Добавить в цитаты Настройки чтения

Страница 39 из 40



Спортсмены надёжно контролируют теневую жизнь коммерческого централа, но ещё не до конца растраченную силу имеют и сторонники старого воровского движения. Их не так часто можно увидеть гуляющими по галереям, однако они непрерывно напоминают о себе многочисленными «прогонами». Система поддержки воровских традиций имеет строгую иерархию. «Смотрящий», то есть координатор воровского движения есть на каждой галерее. Четверо смотрящих за галереями находятся в подчинении смотрящего корпуса. Выше всех стоит положенец централа координирующий действия десяти смотрящих корпусов. Также есть и отдельные специфические координаторы, отвечающие за отдельные направления движения. Например, «смотрящий за медикаментами» или «смотрящий за игрой». На каждом корпусе есть так называемая «общая камера», где обычно и сидит смотрящий за корпусом. В камере концентрируется «общее» и отсюда же оно распределяется по нуждающимся. Тюремное общее состоит в основном из запасов чая и сигарет, которые на добровольной основе выделяются арестантами из полученных передач. Также общее наполняется и из исходящего с воли «грева» передаваемого уже освободившимися или ещё не заехавшими сторонниками движения. Движение это называется «чёрный (либо воровской) ход» и считается, что каждый его сторонник может в будущем стать вором в законе, если, естественно, не нарушит какой-либо пункт неписаных тюремных правил.
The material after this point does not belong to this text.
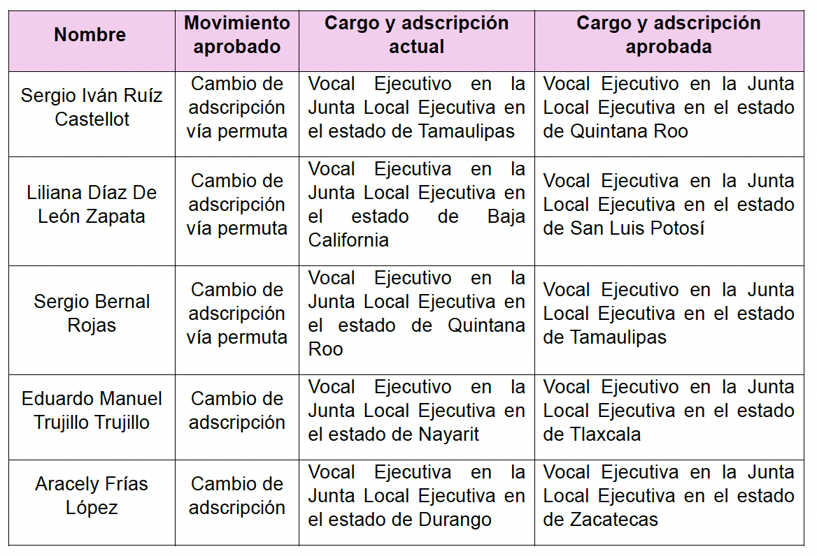 Captura de pantalla 2026-01-21 a la(s) 7.53.06 p.m. Deja un comentario / Por INE / 21 enero, 2026 Tabla 01 para Boletín 010, 2026. Aprueba JGE del INE 17 cambios de adscripción de Vocales Ejecutivos de Juntas Locales

Согласно этим правилам арестантам нельзя заниматься «беспределом», то есть самостоятельно бить кого-либо, «вымогать» у сокамерников деньги, сотрудничать с администрацией, проявлять неуважение к ворам и воровским понятиям. Считается, что только воры или поставленные ими люди могут «спрашивать» с человека и наказывать его; в случае возникших противоречий и конфликтов арестанты обязаны обращаться к блатным, которые одни уполномочены решать, кто поступил неправильно. Таким образом, черноходы контролирующие распределение и сбор стратегических арестантских запасов — общее и назначившие себя судьями в межарестантских разборках, стремятся к получению реальной власти над большинством заключённых.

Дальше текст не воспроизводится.